> The problem
Copy, without a single change, each line from the one that holds "Conjunto color marfil" to the bottom of the entries below, and drop any pictures.

[Stored dataset items]

* * * * *

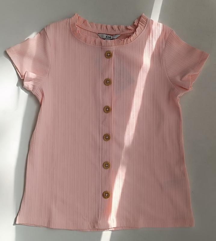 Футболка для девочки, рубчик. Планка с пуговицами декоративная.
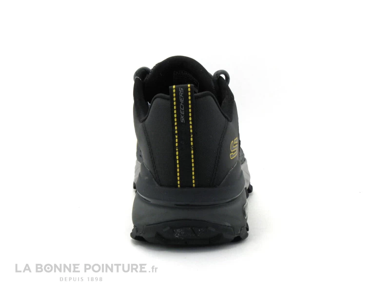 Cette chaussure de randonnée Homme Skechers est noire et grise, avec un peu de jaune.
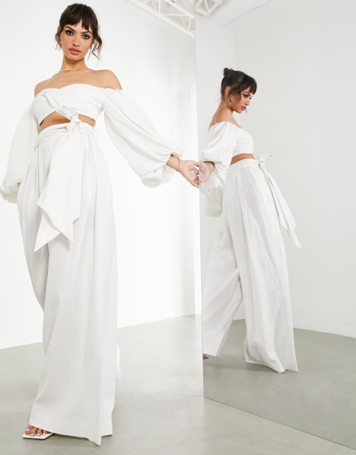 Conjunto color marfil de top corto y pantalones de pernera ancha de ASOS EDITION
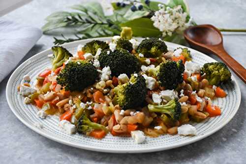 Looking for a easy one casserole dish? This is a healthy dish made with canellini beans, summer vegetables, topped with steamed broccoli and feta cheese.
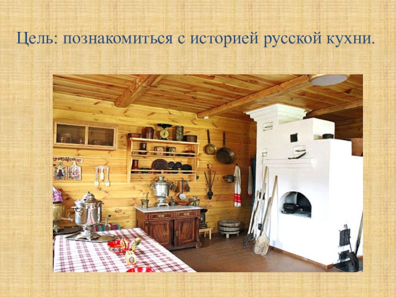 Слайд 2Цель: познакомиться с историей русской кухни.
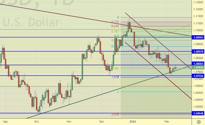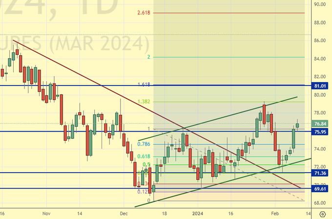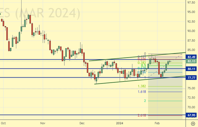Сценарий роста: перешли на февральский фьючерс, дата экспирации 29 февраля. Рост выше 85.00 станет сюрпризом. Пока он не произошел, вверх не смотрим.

* * * * *

> Answer section
 Conjunto color marfil de top corto y pantalones de pernera ancha de ASOS EDITION
 Looking for a easy one casserole dish? This is a healthy dish made with canellini beans, summer vegetables, topped with steamed broccoli and feta cheese.
 Слайд 2Цель: познакомиться с историей русской кухни.
Сценарий роста: перешли на февральский фьючерс, дата экспирации 29 февраля. Рост выше 85.00 станет сюрпризом. Пока он не произошел, вверх не смотрим.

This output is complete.